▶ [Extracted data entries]
◇ ◇ ◇ ◇ ◇
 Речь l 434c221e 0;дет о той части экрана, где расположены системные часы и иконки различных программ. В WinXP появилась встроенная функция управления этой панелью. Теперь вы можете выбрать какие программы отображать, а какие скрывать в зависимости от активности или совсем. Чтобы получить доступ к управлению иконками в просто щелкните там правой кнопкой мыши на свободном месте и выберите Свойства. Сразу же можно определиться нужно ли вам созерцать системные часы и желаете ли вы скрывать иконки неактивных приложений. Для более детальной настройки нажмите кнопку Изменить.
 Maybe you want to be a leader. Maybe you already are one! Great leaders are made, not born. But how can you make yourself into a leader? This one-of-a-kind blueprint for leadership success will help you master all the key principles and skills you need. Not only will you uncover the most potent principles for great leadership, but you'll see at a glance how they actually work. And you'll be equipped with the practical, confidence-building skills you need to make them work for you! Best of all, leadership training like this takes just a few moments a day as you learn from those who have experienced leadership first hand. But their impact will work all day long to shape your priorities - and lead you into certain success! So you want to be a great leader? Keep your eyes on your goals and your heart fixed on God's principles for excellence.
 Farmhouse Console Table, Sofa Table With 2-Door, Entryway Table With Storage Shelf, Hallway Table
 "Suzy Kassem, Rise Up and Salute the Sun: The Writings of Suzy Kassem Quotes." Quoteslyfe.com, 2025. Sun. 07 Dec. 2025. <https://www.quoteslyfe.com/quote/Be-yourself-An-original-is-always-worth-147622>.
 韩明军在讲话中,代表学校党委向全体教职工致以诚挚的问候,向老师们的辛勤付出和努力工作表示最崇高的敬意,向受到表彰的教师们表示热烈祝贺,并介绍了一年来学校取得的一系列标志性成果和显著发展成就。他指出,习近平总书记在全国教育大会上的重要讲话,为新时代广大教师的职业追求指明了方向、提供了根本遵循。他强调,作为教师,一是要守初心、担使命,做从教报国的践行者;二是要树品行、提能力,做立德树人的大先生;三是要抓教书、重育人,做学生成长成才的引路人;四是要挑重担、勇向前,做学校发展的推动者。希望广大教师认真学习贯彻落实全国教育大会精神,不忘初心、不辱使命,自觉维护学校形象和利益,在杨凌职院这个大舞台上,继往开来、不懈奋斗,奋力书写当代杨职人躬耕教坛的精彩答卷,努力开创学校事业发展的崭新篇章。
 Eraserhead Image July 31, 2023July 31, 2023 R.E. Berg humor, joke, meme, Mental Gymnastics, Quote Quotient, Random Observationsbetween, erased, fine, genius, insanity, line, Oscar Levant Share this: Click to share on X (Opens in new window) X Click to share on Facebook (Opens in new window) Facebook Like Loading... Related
◇ ◇ ◇ ◇ ◇
▶ [WHAT THE TASK ASKS] Word for word, write out all the lines shown above.

▶ [RESULT OF THIS EXERCISE]
 Речь l 434c221e 0;дет о той части экрана, где расположены системные часы и иконки различных программ. В WinXP появилась встроенная функция управления этой панелью. Теперь вы можете выбрать какие программы отображать, а какие скрывать в зависимости от активности или совсем. Чтобы получить доступ к управлению иконками в просто щелкните там правой кнопкой мыши на свободном месте и выберите Свойства. Сразу же можно определиться нужно ли вам созерцать системные часы и желаете ли вы скрывать иконки неактивных приложений. Для более детальной настройки нажмите кнопку Изменить.
 Maybe you want to be a leader. Maybe you already are one! Great leaders are made, not born. But how can you make yourself into a leader? This one-of-a-kind blueprint for leadership success will help you master all the key principles and skills you need. Not only will you uncover the most potent principles for great leadership, but you'll see at a glance how they actually work. And you'll be equipped with the practical, confidence-building skills you need to make them work for you! Best of all, leadership training like this takes just a few moments a day as you learn from those who have experienced leadership first hand. But their impact will work all day long to shape your priorities - and lead you into certain success! So you want to be a great leader? Keep your eyes on your goals and your heart fixed on God's principles for excellence.
 Farmhouse Console Table, Sofa Table With 2-Door, Entryway Table With Storage Shelf, Hallway Table
 "Suzy Kassem, Rise Up and Salute the Sun: The Writings of Suzy Kassem Quotes." Quoteslyfe.com, 2025. Sun. 07 Dec. 2025. <https://www.quoteslyfe.com/quote/Be-yourself-An-original-is-always-worth-147622>.
 韩明军在讲话中,代表学校党委向全体教职工致以诚挚的问候,向老师们的辛勤付出和努力工作表示最崇高的敬意,向受到表彰的教师们表示热烈祝贺,并介绍了一年来学校取得的一系列标志性成果和显著发展成就。他指出,习近平总书记在全国教育大会上的重要讲话,为新时代广大教师的职业追求指明了方向、提供了根本遵循。他强调,作为教师,一是要守初心、担使命,做从教报国的践行者;二是要树品行、提能力,做立德树人的大先生;三是要抓教书、重育人,做学生成长成才的引路人;四是要挑重担、勇向前,做学校发展的推动者。希望广大教师认真学习贯彻落实全国教育大会精神,不忘初心、不辱使命,自觉维护学校形象和利益,在杨凌职院这个大舞台上,继往开来、不懈奋斗,奋力书写当代杨职人躬耕教坛的精彩答卷,努力开创学校事业发展的崭新篇章。
 Eraserhead Image July 31, 2023July 31, 2023 R.E. Berg humor, joke, meme, Mental Gymnastics, Quote Quotient, Random Observationsbetween, erased, fine, genius, insanity, line, Oscar Levant Share this: Click to share on X (Opens in new window) X Click to share on Facebook (Opens in new window) Facebook Like Loading... Related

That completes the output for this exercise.